### TASK DIRECTIONS
Please take the records that follow and repeat exactly the lines starting with the line with "Una camisa maravillosa" and going on through the line with "Print Tunic Dress".

ENTRIES PROVIDED Start Marker

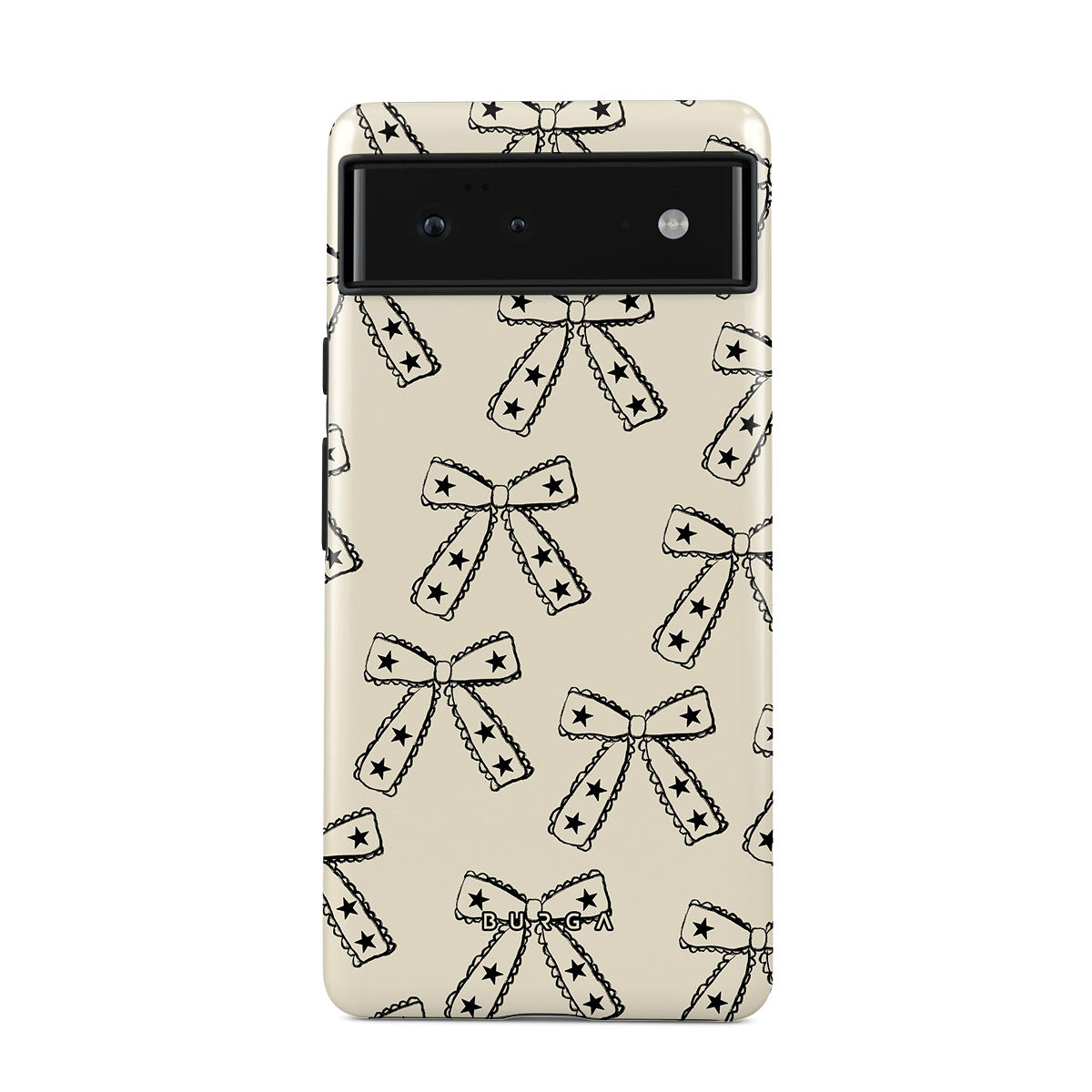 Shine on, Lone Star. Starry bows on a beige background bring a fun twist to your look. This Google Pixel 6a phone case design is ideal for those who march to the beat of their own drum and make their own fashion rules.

ENTRIES PROVIDED End Marker
ENTRIES PROVIDED Start Marker

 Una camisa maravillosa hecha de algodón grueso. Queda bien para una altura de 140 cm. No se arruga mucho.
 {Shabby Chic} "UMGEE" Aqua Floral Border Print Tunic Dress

ENTRIES PROVIDED End Marker
ENTRIES PROVIDED Start Marker

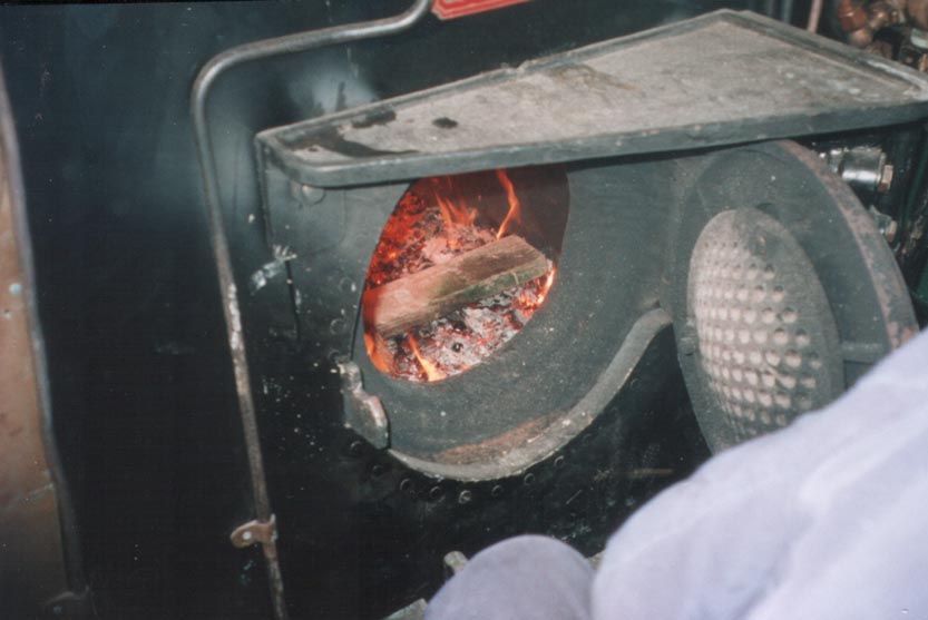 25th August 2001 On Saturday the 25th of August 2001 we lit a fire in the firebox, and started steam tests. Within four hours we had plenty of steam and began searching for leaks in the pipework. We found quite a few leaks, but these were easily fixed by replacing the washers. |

ENTRIES PROVIDED End Marker

### ANSWER TO THE EXERCISE
 Una camisa maravillosa hecha de algodón grueso. Queda bien para una altura de 140 cm. No se arruga mucho.
 {Shabby Chic} "UMGEE" Aqua Floral Border Print Tunic Dress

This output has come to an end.